The broad topic of war and peace is a complex, multifaceted one which requires careful, prayerful and mature reflection. There are many considerations that need to be taken into account when seeking to properly discuss this issue: biblical, theological, ethical, historical, philosophical, geopolitical, and so on.

It requires more than bumper sticker moralising, in other words. Yet that is often what we find in this debate. Complex topics are often reduced to a glib protest banner. The left – both secular and religious – can often be monotonously guilty of this.

I have just come across yet another prime example of this, this time involving people who call themselves evangelical Christians. To be honest, it greatly saddens me to see Christians taking such perplexing and difficult issues and reducing them to mindless slogans.

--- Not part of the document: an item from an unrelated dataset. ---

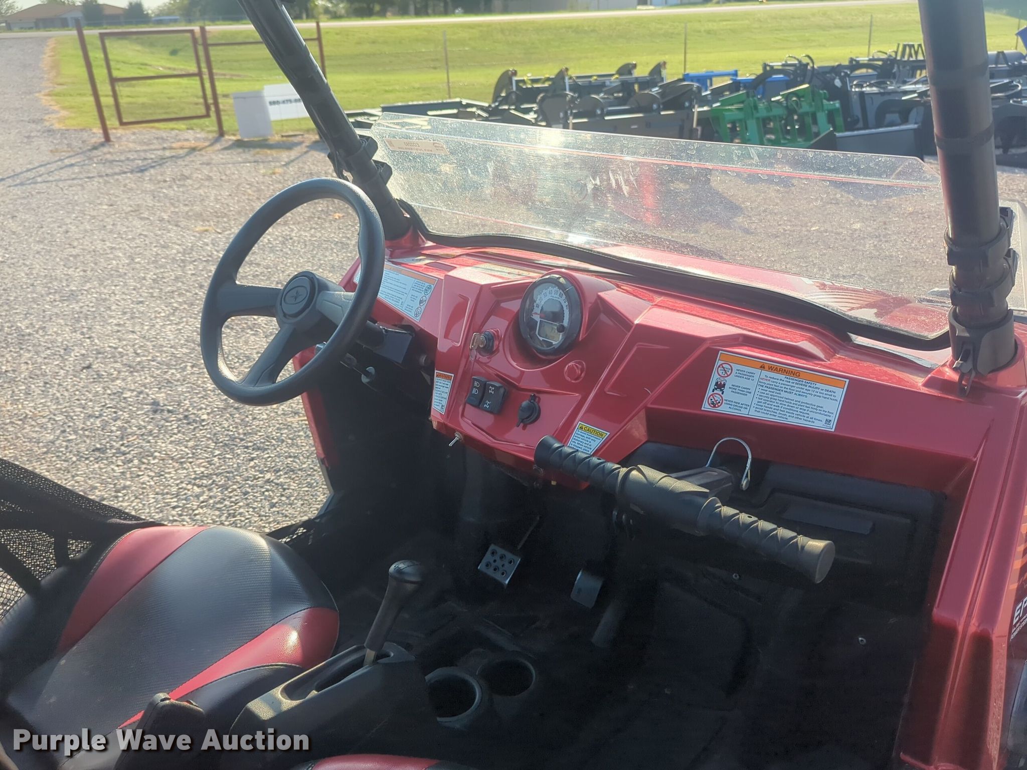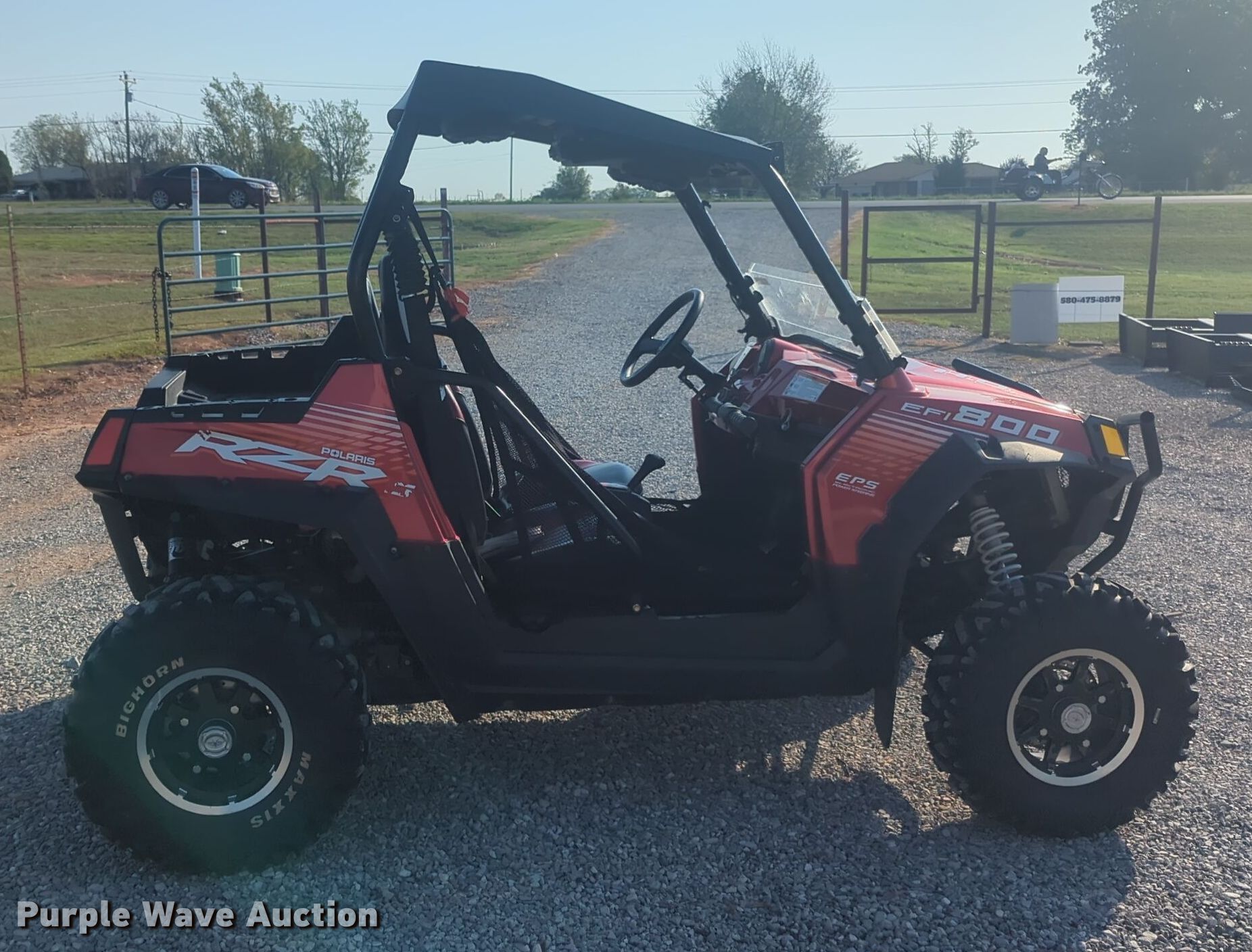 2013 Polaris RZR 800 utility vehicle. Miles: 4,528 on odometer, Hours: 334 on meter, VIN: 4XAVE7EA8DB157147. Engine Cylinders: 1, Fuel type: Gas, Electric start. Transmission Automatic. Chassis Four wheel drive/ All wheel drive. Features Grille guard, 24" L x 42" W. Tires Front: 26x9.00-12, Rear: 26x12R12. Transfer of ownership documentation will be a bill of sale. Marlow, OK 73055

They undoubtedly think they are serving the cause of Christ in what they are doing, but in my eyes they are simply being an embarrassment, discrediting the complexity and nuance of Christian social thinking.

The story involves a Melbourne Baptist Pastor and three colleagues who have gone up to Queensland to protest joint American-Australian war games. The four are evangelicals who happen to be pacifists. Now I have written elsewhere about how Christians can agree to disagree on these issues. While pacifists have always been in a minority throughout church history, they have been a part of the Christian tradition nonetheless.

Needless to say, I strongly disagree with them at just about every turn. Those disagreements have been written up in other articles on this site. Here I simply wish to comment on two banners that were held by the protestors. They so very much reflect the muddled moralising and twisted thinking of the left.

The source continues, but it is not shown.